The Deal Structure
Eucalyptus, the ANZ telehealth startup founded in 2019, sold to NYSE-listed Hims & Hers for $1.15B USD ($1.6B AUD). The headline number is roughly 10x the $111M in venture funding raised over four years.
The company last raised $50M at a $520M valuation in April 2023. They were hunting for unicorn-level funding when this deal landed.
The Catch
The fine print matters here. Investor and employee payouts are tied to multi-year earnout targets, not immediate cash. That means the people who built this are waiting on performance milestones while the acquirer's stock continues sliding.
Hims & Hers shares are down 64% over 12 months, including a 55% drop in the first two months of 2026. The stock fell another 8% in the days after announcing the Eucalyptus deal.
What This Means
For ANZ startup employees holding equity: this is the reality of earnout structures. The headline valuation and the actual cash you see are different numbers, sometimes years apart.
For sales teams at high-growth startups: understand your equity comp structure.
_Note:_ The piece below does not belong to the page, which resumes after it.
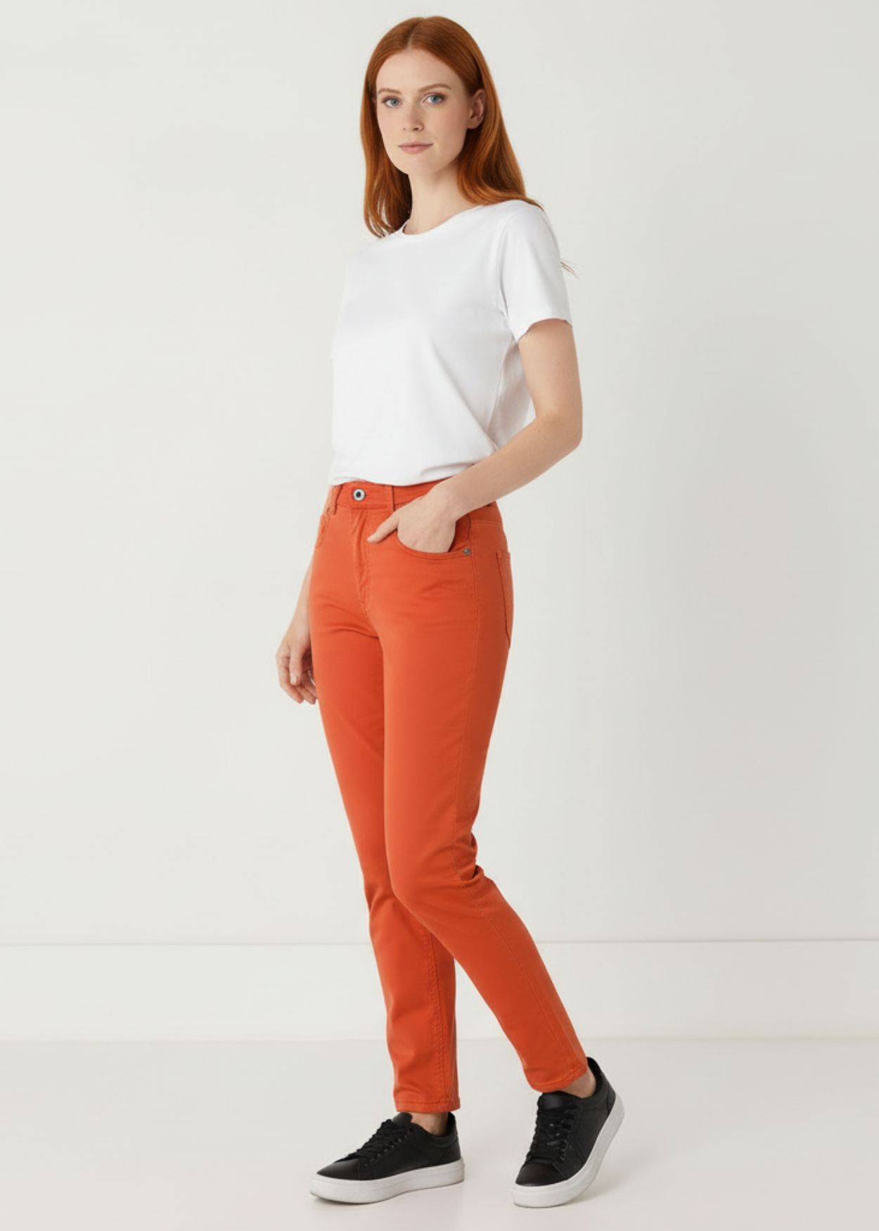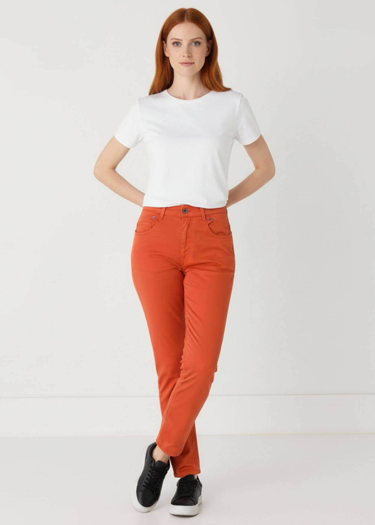 L'aspect visuel de ce modèle est tout aussi séduisant. Le fini satiné capte subtilement la lumière, ce qui donne à ce bleu profond une dimension vibrante et élégante. Contrairement à un coton rigide, le satin apporte une souplesse de mouvement bienvenue, vous permettant de passer d'une journée de travail dynamique à une soirée entre amis sans jamais vous sentir entravée. La silhouette est mise en valeur de façon naturelle : la taille haute souligne délicatement les hanches tandis que la coupe droite allonge la jambe pour un résultat harmonieux et flatteur.
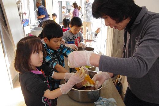 アミーゴの染色工房では、狭山茶やコチニール、桜、藍染などをすることができるのだそうですが、この日みんなが色をつけたのは、マリーゴールド!

Ask about liquidity timelines, earnout conditions, and what happens if the acquirer's stock tanks before you vest.
The Eucalyptus deal shows why ANZ liquidity remains an issue. Big exits happen, but the cash flow to employees and early investors depends on factors outside their control, including US public market performance and hitting post-acquisition targets.
Both companies sell online consultations and treatments for weight loss, sexual health, hair loss, and mental health. The merger is betting that combined scale beats standalone growth, but investors are skeptical. The market sold off Hims & Hers immediately.
Patient capital works both ways: investors wait for exits, then employees wait for earnouts. The gap between announcement and payout is where the real story lives.